Keeping vampires at bay
I had another pretty scattered day, probably the fallout from the previous couple of days. Our writing bootcamp didn’t kick me into the right gear, and I ended up doing a 20 minute meditation in the middle of it to try and get me back into the present, rather than all sorts of worries or plans about the future. While it did not help really to kick me into a hard-core teaching and research flow, I found myself making plans for a healthy dinner: rice, tofu, miso-soup (erm, bean paste with hot water), sigeumchi namul (spinach, Korean style) and oi namul (cucumber, Korean style). [Disclaimer: I haven’t used these recipes yet. I base my concoctions on Judy Hyun’s Korean Cookbook)
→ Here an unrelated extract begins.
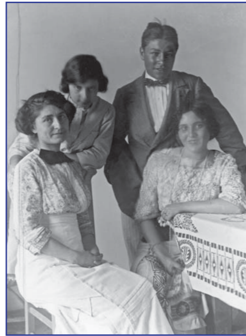
Caella, c. 1910 – Fotografia Baldomer Gili i Roig Museu d'Art Jaume Morera de Lleida (Llegat Dolores Moros)

Josep Pla. El meu poble dins El meu país , OC VII, p. 610

Does anybody else laugh at the instructions “1 clove of garlic” for a pound of spinach? Please raise your hand! I put two in there for a fraction of the amount, and it tastes just right to me. Same with the cukes. I love me some fresh garlic – vampires beware! Incidentally, I lived in Korea in 2002-03, right during the SARS (now SARS CoVid-1, I guess?) outbreak. The rumour was that it never took hold in Korea because all the kimchi and other garlic-laced dishes killed off the virus. I doubt there is scientific evidence for that, but just for fun, can anybody try to correlate per capita garlic consumption and Covid19 cases in the current crisis? But it definitely helps against vampires: haven’t seen any of those around tonight! And my crunchy craving was partly satisfied: the cucumber is salty, and the toasted seaweed is a snack in Korea much like salted potato crisps in Western countries, often consumed with a beer.
A good diet with fresh veggies is essential to keep functioning well. While I wish I could subsist on biscuits (cookies for you Americans reading this) and cake and ice cream, I know from half-hearted attempts at such a diet that it doesn’t serve me or my cognitive skills. But this is healthy, tasty, and vegetarian, so it’s good for me, and for the planet. Quarantine kitchen does not have to be boring!